The negative form of the explanations is precisely comparable to the form of logical proof by reductio ad absurdum. In this species of proof, a sufficient set of mutually exclusive alternative propositions is enumerated, e.g. “P” and “not P,” and the process of proof procedes by demonstrating that all but one of this set are untenable or “absurd.” It follows that the surviving member of the set must be tenable within the terms of the logical system. This is a form of proof which the non- mathematical sometimes find unconvincing and, no doubt, the theory of natural selection sometimes seems unconvincing to non-mathematical persons for similar reasons – whatever those reasons may be.
Another tactic of mathematical proof which has its counterpart in the construction of cybernetic explanations is the use of “mapping” or rigorous metaphor. An algebraic proposition may, for example, be mapped on ’to a system of geometric coordinates and there proven by geometric methods. In cybernetics, mapping appears as a technique of explanation whenever a conceptual “model” is invoked or, more concretely, when a computer is used to simulate a complex communicational process. But this is not the only appearance of mapping in this science. Formal processes of mapping, translation or transformation are, in principle, imputed to every step of any sequence of phenomena which the cyberneticist is attempting to explain. These mappings or transformations may be very complex, e.g. where the output of some machine is regarded as m a transform of the input; or they may be very simple, e.g. where the rotation of a shaft at a given point along its length is regarded as a transform (albeit identical) of its rotation at some previous point.

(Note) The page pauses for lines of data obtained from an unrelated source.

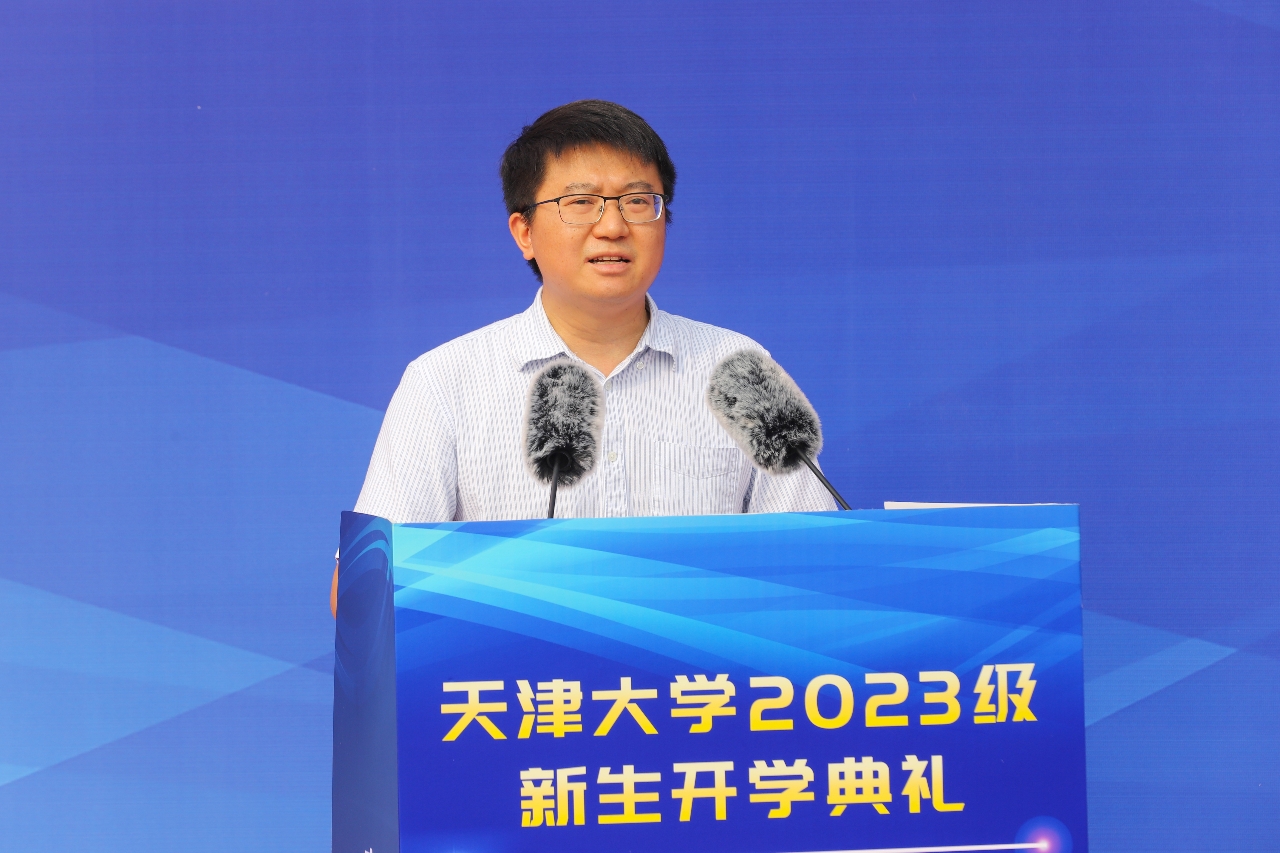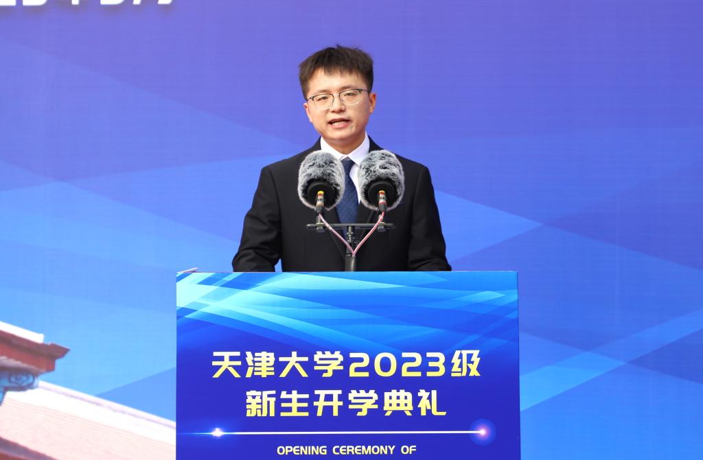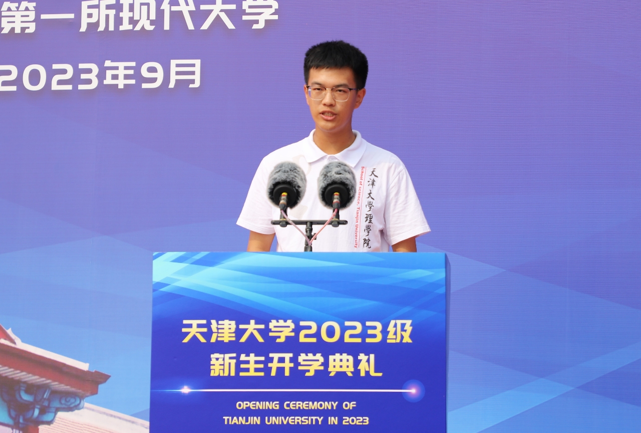 “今年的天大录取通知书以小行星为主题,而我的高中母校同样命名了一颗小行星,与‘天津大学星’相映生辉——我的升学之旅是一颗星到达另一颗星的旅程。”理学院应用物理专业2023级本科生吴文宇作为新生代表发言,“作为强基计划学生,我们肩负着国家基础学科振兴的使命。”吴文宇抒怀了自己心中的“顶天立地天大人”:顶天立地的天大人,要有“精诚所至,金石为开”的恒心,要有“明知山有虎,偏向虎山行”的决心,更要有“天下兴亡,匹夫有责”的责任心。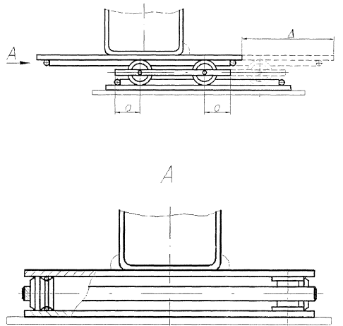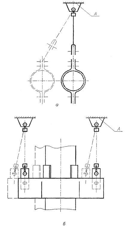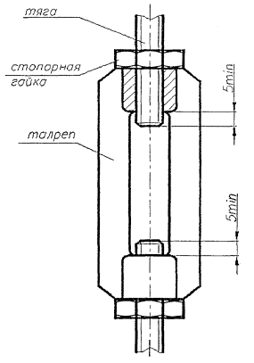 Рисунок 12. 11.5 При приварке проушин к металлоконструкциям рекомендуется ориентировать верхнюю образующую проушины А вдоль максимального перемещения трубопровода в горизонтальной плоскости (рисунок 13). Рисунок 13. 11.6 При монтаже подвесок рекомендуется фиксировать проушины и вилки в цепи таким образом, чтобы они располагались в разных плоскостях, обеспечивая наибольшую свободу перемещения трубопровода (см. ОСТ 24.125.100, рисунки 1 - 15). 11.7 Вилки, соединительные муфты, талрепы стопорятся стопорными гайками. Соединительные муфты стопорятся с обеих сторон, талрепы - со стороны правой резьбы. Установка стопорных гаек должна обеспечивать невозможность самоотвертывания резьбовых соединений в подвеске во время работы и невозможность проворачивания резьбовых соединений при регулировке длины цепи или затяжке пружин талрепами. После окончания сборки подвесок и регулировки пружин стопорные гайки пружинных блоков могут использоваться как стопорные гайки талрепов и соединительных муфт. 11.8 Сборка муфты с тягами должна быть произведена таким образом, чтобы концы обеих тяг были видны из центрального отверстия. Общий вид муфты в сборе с тягами приведен на рисунке 14. Рисунок 14. 11.9 При сборке талрепа с тягами концы тяг должны быть ввёрнуты внутрь талрепа не менее чем на 5 мм. Талреп имеет с одной стороны правую, с другой - левую резьбу. Общий вид талрепа в сборе с тягами приведен на рисунке 15. Рисунок 15. 11.10 Установочное положение каткового блока в катковых опорах по ОСТ 24.125.159 и ОСТ 24.125.165 приведено на рисунках 16 и 17. Оно определяется с учетом температурного перемещения трубопровода D в месте установки опоры. Перемещение D не должно быть более 180 мм. При D ≤ 180 мм установочный размер а принимать по формуле
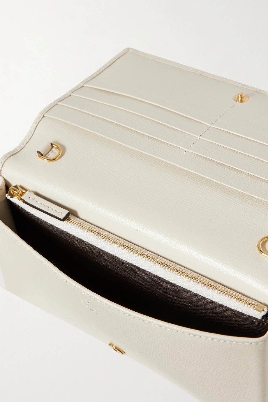 Diese Schultertasche von Gucci ist Teil der „Horsebit 1955“ Kollektion, die in Anlehnung an Modelle aus dem eindrucksvollen Archiv des Hauses entstand. Das Accessoire wurde in Italien aus beschichtetem Canvas gefertigt, der mit dem unverkennbaren „GG“-Logo bedruckt und mit weißem strukturiertem Leder besetzt ist. Im Inneren befinden sich sechs Kartenschlitze, ein zentrales Mittelfach mit Reißverschluss sowie eines für Smartphone und Schlüsselbund.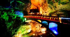 黃龍洞是張家界武陵源風景名勝中著名的溶洞景點,因享有“世界溶洞奇觀”“世界溶洞全能冠軍”“中國最美旅游溶洞”等頂級榮譽而名震全球。現(xiàn)已探明洞底總面積10萬平方米;洞體共分四層,洞中有洞、洞中有山、山中有洞、洞中有河。經(jīng)中外地質(zhì)專家考察認為:黃龍洞規(guī)模之大、內(nèi)容之全、景色之美,包含了溶洞學的所有內(nèi)容。黃龍洞以其龐大的立體結(jié)構(gòu)洞穴空間、豐富的溶洞景觀、水陸兼?zhèn)涞挠斡[觀光線路獨步天下。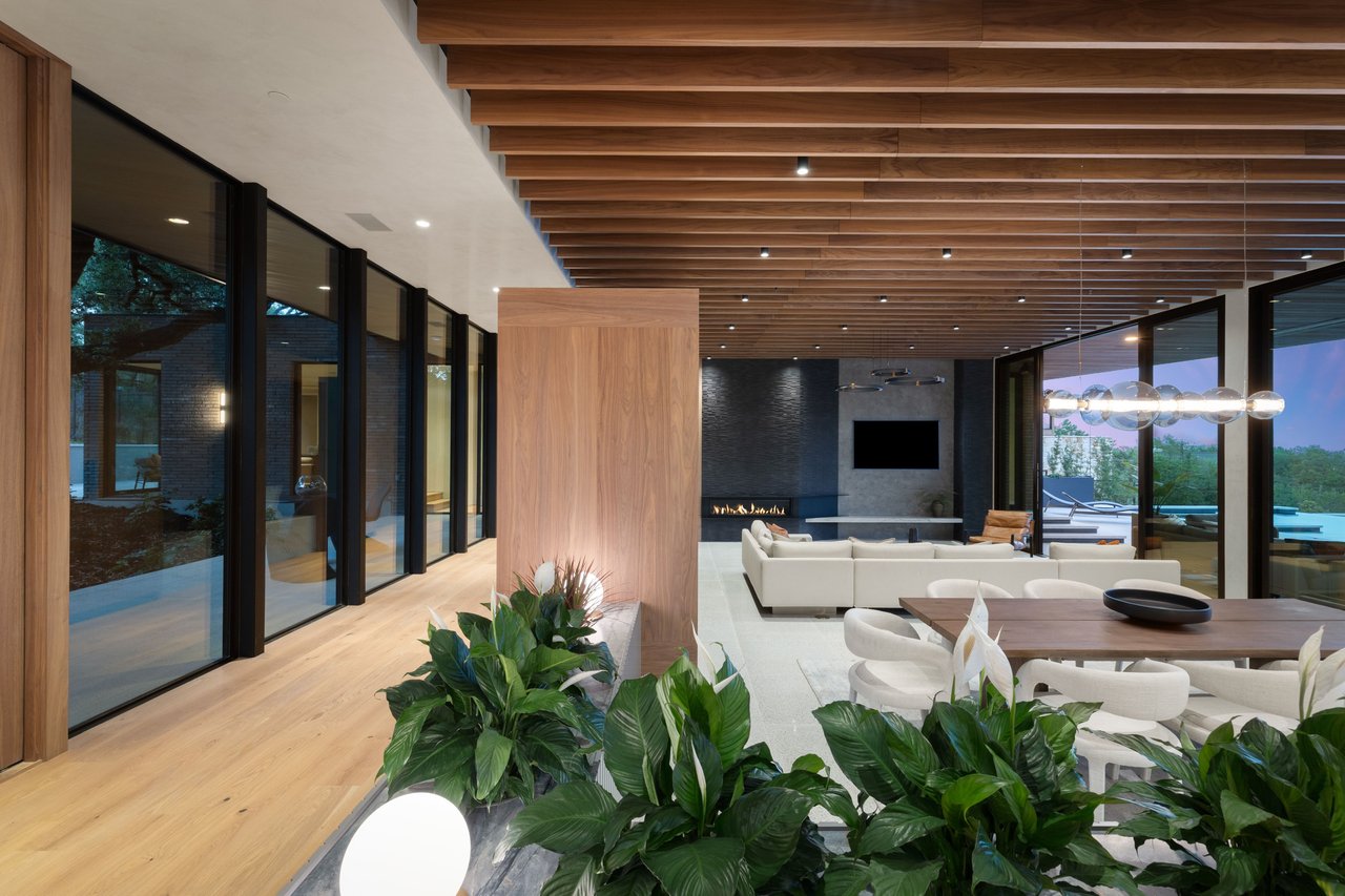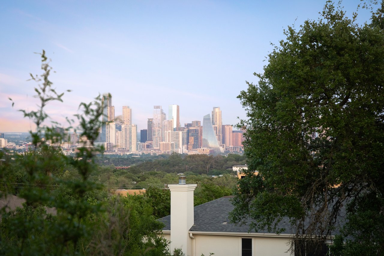 Tucked at the end of a serene and ultra-private cul-de-sac in Westlake, 1740 Camp Craft Road is a newly completed, highly customized contemporary residence that blends striking modern architecture with a warm, organic sensibility. Architecture by CoXist Studio and designed and built by Next Custom Homes, the property is thoughtfully positioned around a majestic heritage oak, creating a truly iconic arrival. A landscaped motor court and gated driveway set the tone for privacy and security, while expansive walls of glass frame breathtaking treetop views with coveted Downtown Austin vistas—most notably captured from the primary suite. Despite its peaceful, secluded setting, the home enjoys rare proximity, just moments and even walkable, to the Barton Creek Greenbelt and Sculpture Falls.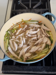 - Discard cooked vegetables and shred chicken when it's cook enough to touch.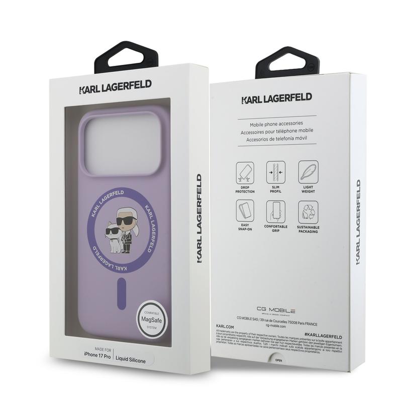 Capa MagSafe de silicone líquido Karl Lagerfeld Karl and Choupette para iPhone 17 Pro
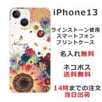 iPhone13 アイフォン13 らふら 名入れ スマホケース ラインストーン スマホカバー 押し花風 フラワーアレンジカラフル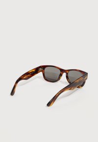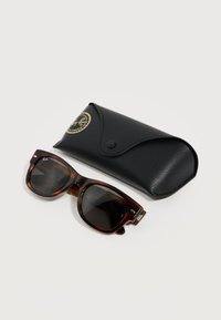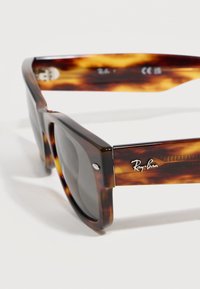Γυαλιά ηλίου Ray-Ban με καβούκι χελώνας, ορθογώνιους σκούρους φακούς και ασημένιες πριτσίνες στις γωνίες του εμπρόσθιου σκελετού.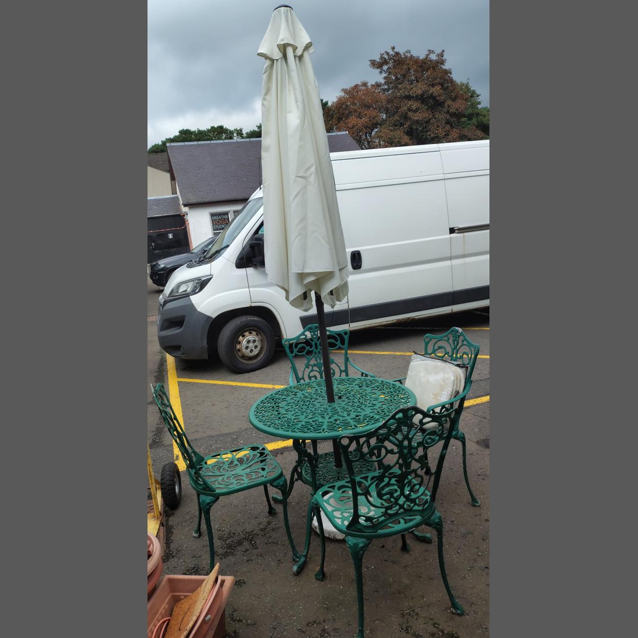 Garden table and four chairs with wind up parasol. In green finish, minor wear from use but good useable condition. Parasol appears quite new.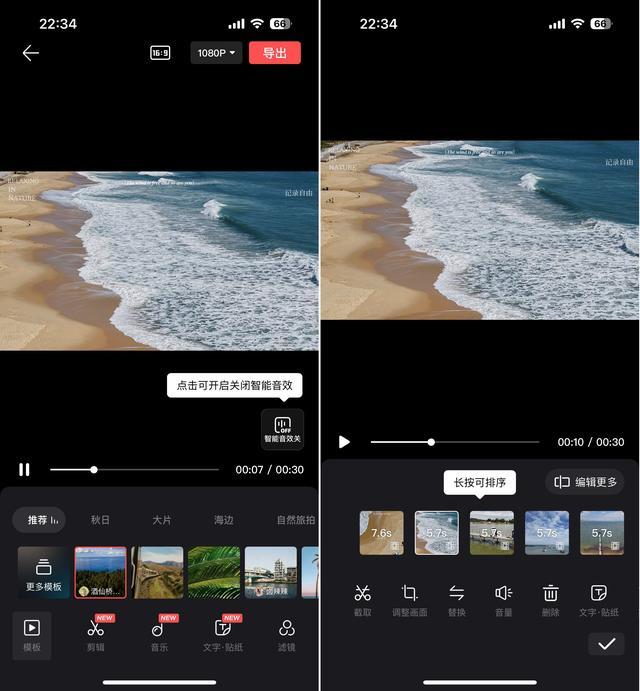 如果你觉得这样拍出来的视频还是差点意思,就能在DJI FlyAPP中选择一键出片,它能根据短片的内容和场景自动选择合适的模板,当然这一切都是可以自行调整的。

The relations which remain constant under such transformation may be of any conceivable kind.
This parallel, between cybernetic explanation and the tactics of logical or mathematical proof, is of more than trivial interest. Outside of cybernetics, we look for explanation, but not for anything which would simulate logical proof. This simulation of proof is something new. We can say, however, with hindsight wisdom, that explanation by simulation of logical or mathematical proof was expectable. After all, the subject matter of cybernetics is not events and objects but the information “carried” by events and objects. We consider the objects or events only as proposing facts, propositions, messages, percepts and the like. The subject matter being propositional, it is expectable that explanation would simulate the logical.
Cyberneticians have specialized in those explanations which simulate reductio ad absurdum and “mapping.” There are perhaps whole realms of explanation awaiting discovery by some mathematician who will recognize, in the informational aspects of nature, sequences which simulate other types of proof.
Because the subject matter of cybernetics is the propositional or informational aspect of the. events and objects in the natural world, this science is forced to procedures rather different from those of the other sciences. The differentiation, for example, between map and territory, which the semanticists insist that scientists shall respect in their writings must, in cybernetics, be watched for in the very phenomena about which the scientist writes. Expectably communicating organisms and badly programmed computers will mistake map for territory; and the language of the scientist must be able to cope with such anomalies. In human behavioral systems, especially in religion and ritual and wherever primary process dominates the scene, the name often is the thing named. The bread is the Body, and the wine is the Blood.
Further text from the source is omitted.